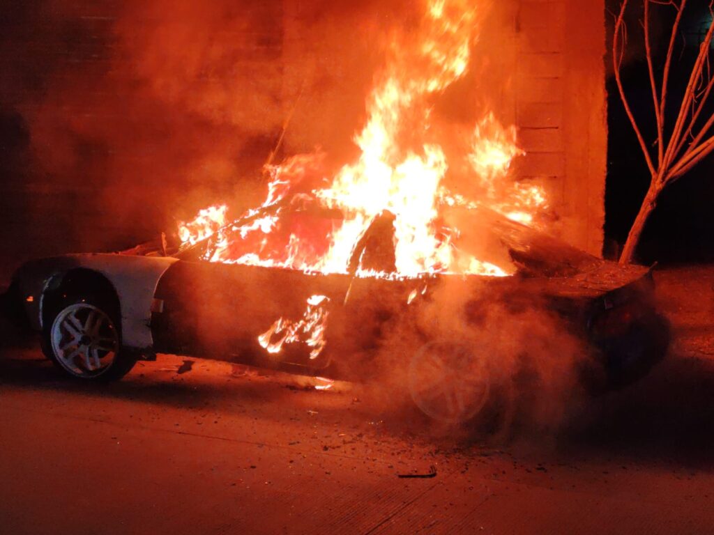 Agentes municipales que realizaban labores de prevención y vigilancia en la colonia Infonavit Juárez Nuevo atendieron un llamado recibido al número de emergencia 911, en el cual se reportaba el incendio de un vehículo de la marca Nissan 240SX, color negro, modelo 1991, en el cruce de las calles Nelumbio y Mandioca.
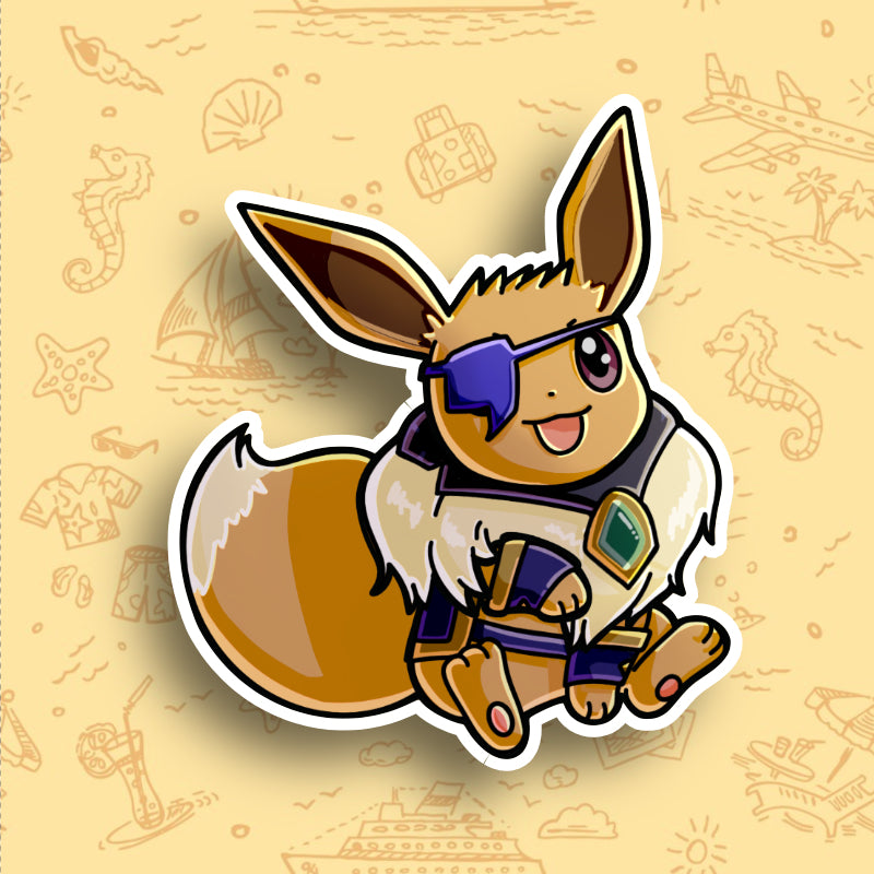 Combining my love of two amazing games to create a new world of Sea of Thieves pirates! This Eevee is a true legend of the seas!
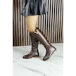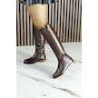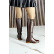 Erkan Saçmacı Kahverengi Hakiki Dana Derisi Metal Aksesuarlı Fermuarlı Yuvarlak Burun Kalın Topuklu Çizme Kahverengi
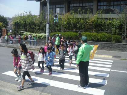 15日までは集団登校で安全に登校しましょう。

━━━━━━━━━━━━━━━━

▶ Aim of the exercise
The output must start at the line holding "Combining my love", end at the last line of the listing above, and show each line exactly; please omit all pictures.

▶ Your solution
 Combining my love of two amazing games to create a new world of Sea of Thieves pirates! This Eevee is a true legend of the seas!
 Erkan Saçmacı Kahverengi Hakiki Dana Derisi Metal Aksesuarlı Fermuarlı Yuvarlak Burun Kalın Topuklu Çizme Kahverengi
 15日までは集団登校で安全に登校しましょう。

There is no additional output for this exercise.